An interesting result from this decomposition into spectral and temporal modulations is that the "meaning" of speech sample "lives in a different part of modulation space" from voice pitch or speaker identity.
Consider this example where all temporal modulations are preserved, but all only spectral modulations below 0.5 cycles / kHz are preserved. This preserves speech formants, so the speech remains comprehensible, but pitch information is mostly lost and we can no longer tell whether it is a male or female speaker:
And compare this against a sample where all temporal modulations faster than 3 Hz are filtered out. Now we are missing the time structure important for carrying meaning in speech, but we can still easily identify the voice pitch and gender of the speaker:
This video from the archives of the University of Wisconsin at Madison Physiology department shows an interview with a patient with Broca's aphasia.
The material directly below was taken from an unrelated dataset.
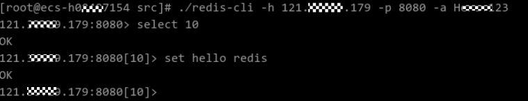 注意,命令中的{myeip}为主机连接地址,需要填写ECS的弹性IP,端口需要填写ECS上Haproxy的监听端口。如下图所示,小编设置的2个监听端口分别为8080和8081,对应后端2个Redis实例。

The patient has great difficulty articulating sentences, and produces only isolated words and utterances. However, note that his utterances are "on topic", suggesting that he has little difficulty understanding the speech of his interviewer. This difficulty in articulation rather than comprehension has led to Broca's aphasia being described as a "motor aphasia".
Broca's aphasia is usually associated with lesions to Broca's area, an area of the prefrontal cortex which the French neurologist Paul Broca had found to be damaged in his very severely aphasic patient Mr Leborgne, nicknamed "Tan tan" because he was unable to utter anything other than "tan, tan, tan..." This image shows Mr Leborgne's brain, which is now preserved in a museum in Paris.
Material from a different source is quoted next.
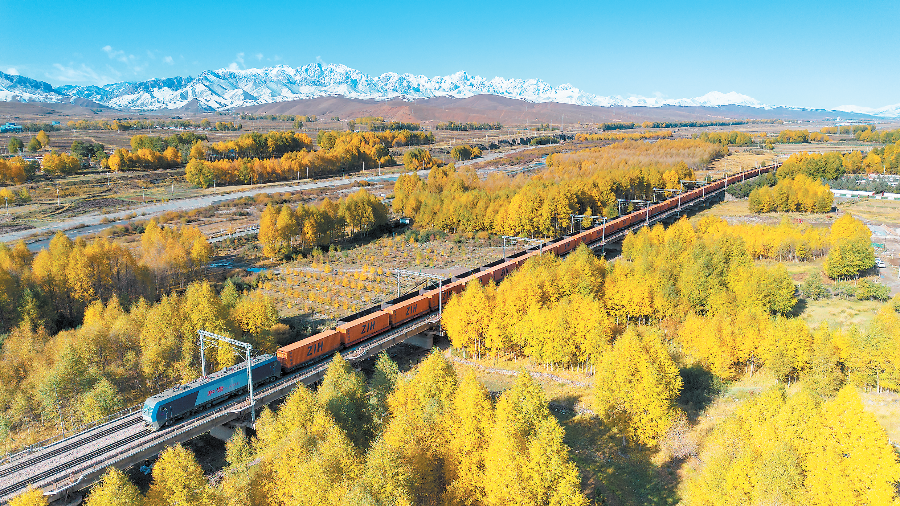 中欧班列行驶在兰新铁路上。新甘肃·甘肃日报通讯员 宋佳龙

Although Broca's area is thought of as a motor aphasia, brain imaging studies suggest that this area is often also activated when we are listening to speech.
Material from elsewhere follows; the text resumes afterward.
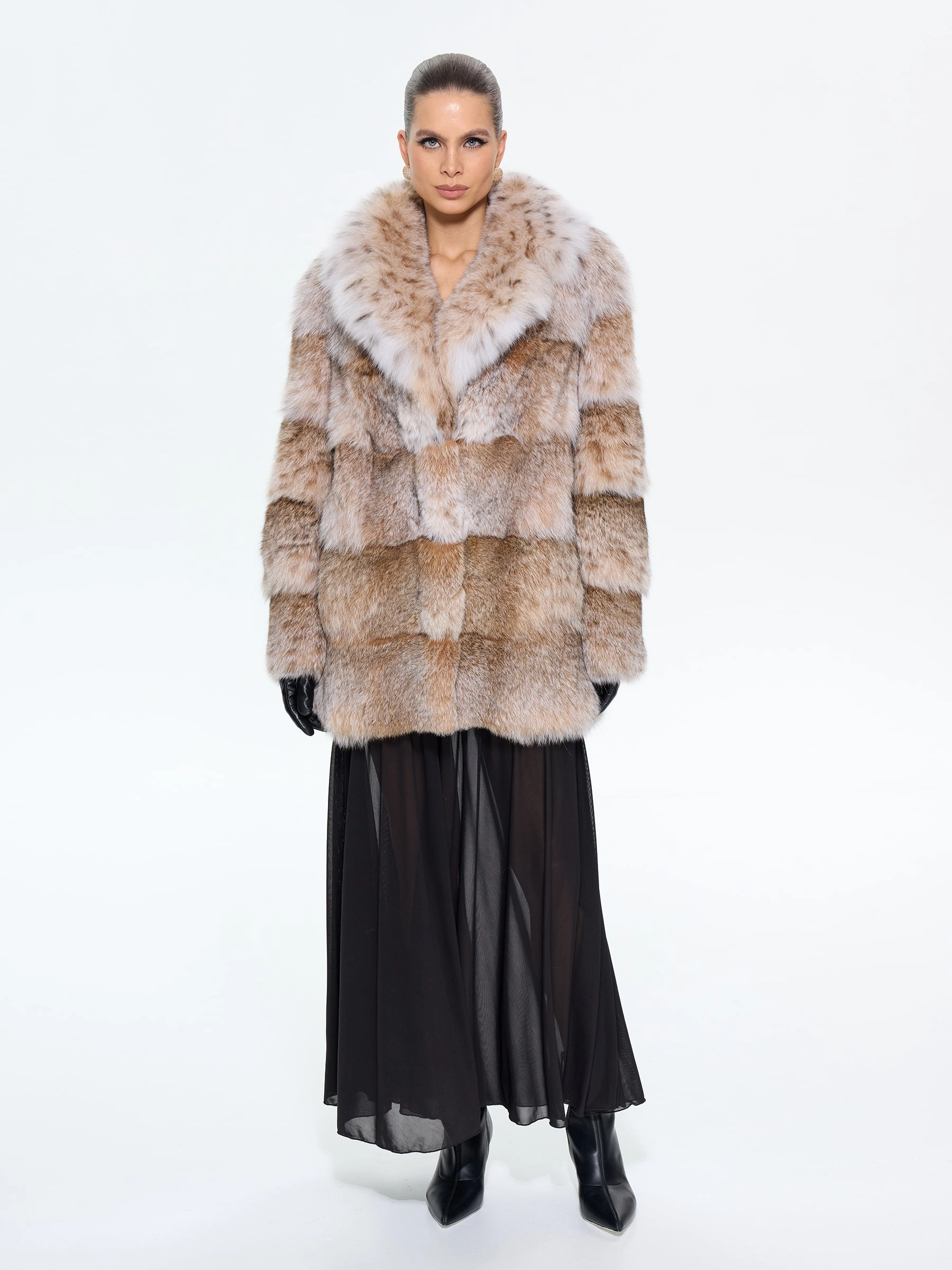 Женская шуба из меха рыси Л850, натуральный, размер 46, артикул 65340

Here another, more recent video showing the teenage aphasia patient Sarah Scott. Note how Sarah sometimes uses written words to help herself. Nevertheless, it is not uncommon for Broca's aphasia patients to have difficulties producing written as well as spoken language.
Another video from the archives of the University of Wisconsin at Madison Physiology department shows an interview with a patient with Wernicke's aphasia. Unlike patients with Broca's aphasia, Wernicke's aphasics tend to speak fluently, but their speech often degenerates into seemingly random, very hard to follow "streams of consciousness", which may be peppered with non-words or made up words. Also, the speech of Wernicke's aphasics often fails to provide good answers to questions posed to them, suggesting that they do not really understand the speech of their interviewers. This difficulty in comprehension rather than articulation has led to Wernicke's aphasia being described as a "receptive aphasia".
Wernicke's aphasia is usually associated with lesions to "Wernicke's area", a piece of cortical tissue at the boundary between the parietal and temporal lobes.
The "McGurk Effect" illustrates that what our eyes see can influence what we hear. The video here below shows Prof Patricia Kuhl's demonstration of this effect. She is mouthing the syllables /ga-ga/, but the video has been dubbed with a sound track of her saying /ba-ba/. Your eyes can tell that the lips are not closed at the beginning of the syllables, and they therefore tell your brain that the syllable cannot be /ba/, even though in reality it is. Trying to reconcile the conflicting information from your eyes and ears, the brain will decide that the syllables are those that is acoustically closest to /ba-ba/ which are articulated with the lips open, and you will "hear" /da-da/ or /tha-tha/. Howver, if you play the video again, but close your eyes, you will be able to convince yourself that the sound track is really /ba-ba/. Play it over and over, and open and close your eyes at random. The sound you hear will flip from /tha-tha/ to /ba-ba/ depending on whether your eyes are open or not.